Running the Catalog on Postgres in Production

The DataXPipe scaffold defaults to SQLite for local development. Production deployments require Postgres for concurrent writes, HA failover, and SaaS multi-tenancy. This guide walks through migration, schema management, and operational practices.

Why Postgres for the Catalog

SQLite works for single-developer POCs but breaks down when:

Multiple Airflow workers POST run events concurrently
SaaS organizations share the same API with row-level isolation
You need point-in-time recovery and managed backups
Alembic migrations must run atomically during deploys

Managed Postgres (DigitalOcean, RDS, Cloud SQL) provides connection pooling, SSL, and automated backups out of the box.

Configuration

Set the database URL before starting the API:

$env:DATAXPIPE_DB = "postgresql://user:pass@host:25060/dataxpipe?sslmode=require"
$env:DATAXPIPE_USE_ALEMBIC = "true"
uvicorn app.main:app --port 8000

Enable Alembic so the app skips implicit runtime schema creation—migrations are the source of truth.

Running migrations

Apply schema changes during deployment:

python scripts/run_migrations.py
# or directly:
alembic upgrade head

Migration history lives in alembic/versions/. Key migrations include:

Version	Contents
`0001_initial`	Pipelines, runs, checks, connections, lineage
`0002_saas`	Organizations, API keys, Stripe billing columns

Always run migrations before routing traffic to a new app version.

Connection pool tuning

The Catalog uses a Postgres connection pool controlled by:

Variable	Default	Recommendation
`DATAXPIPE_PG_POOL_MIN`	1	2–5 for steady-state
`DATAXPIPE_PG_POOL_MAX`	10	Match managed DB connection limit ÷ replica count

Oversized pools exhaust managed Postgres connection limits. Undersized pools cause latency spikes during concurrent check result writes.

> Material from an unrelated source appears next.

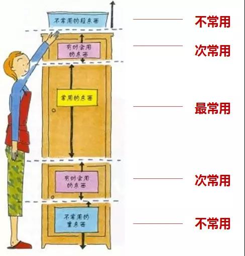 從上圖可以看出,應當在哪一區域放置不同類型的衣物。最上面和最下面放置被褥或不常用、過季的衣物,觸手可及的區域放置我們每天都會用到的衣物。

For high-traffic SaaS, place PgBouncer between the app and managed Postgres to multiplex connections.

Local development with Docker

Test Postgres integration locally before production cutover:

docker run --name dxp-postgres `
  -e POSTGRES_PASSWORD=postgres `
  -e POSTGRES_USER=postgres `
  -e POSTGRES_DB=dpdb `
  -p 5432:5432 -d postgres:15

$env:POSTGRES_DSN = "postgresql://postgres:postgres@localhost:5432/dpdb"
$env:DATAXPIPE_DB = "postgresql://postgres:postgres@localhost:5432/dpdb"
pytest -q tests/test_postgres_integration.py

Registering Postgres warehouse connections

The Catalog executes checks against registered warehouse connections—not just the metadata database:

curl -X POST http://localhost:8000/api/v1/connections/ `
  -H "X-API-KEY: platform-key" `
  -H "Content-Type: application/json" `
  -d '{"id":"pg-prod","type":"postgres","config":{"dsn":"postgresql://..."}}'

Use _secret suffix keys for passwords stored in Vault:

{
  "id": "pg-prod",
  "type": "postgres",
  "config": {
    "host": "db.example.com",
    "port": 5432,
    "user": "dbuser",
    "password_secret": "vault/data/db-password",
    "dbname": "warehouse"
  }
}

Backups and recovery

Schedule regular backups with scripts/backup_db.py. Upload artifacts to object storage (DigitalOcean Spaces, S3):

python scripts/backup_db.py --output backups/ --upload spaces://my-bucket/dataxpipe/

Test restore quarterly. Catalog metadata loss means losing pipeline registration history, run audit trails, and lineage graphs.

Readiness checks

The /ready endpoint verifies Postgres connectivity. Configure Kubernetes or App Platform health checks against /ready, not just /health:

curl https://api.dataxpipe.com/ready

A failing readiness probe during deploy rolls back before clients hit a broken database connection.

CI integration

The repository includes .github/workflows/postgres-integration.yml which runs integration tests against a Postgres 15 service container on every push to main. Mirror this pattern in your fork to catch migration regressions early.

Migration from SQLite

To migrate existing local data:

Export pipeline metadata from SQLite via API (GET /pipelines/)
Stand up Postgres and run alembic upgrade head
Re-register pipelines via POST /pipelines/ with exported JSON
Update DATAXPIPE_DB and redeploy

Run history from the SQLite era can be archived separately; most teams treat the Postgres cutover as a clean slate.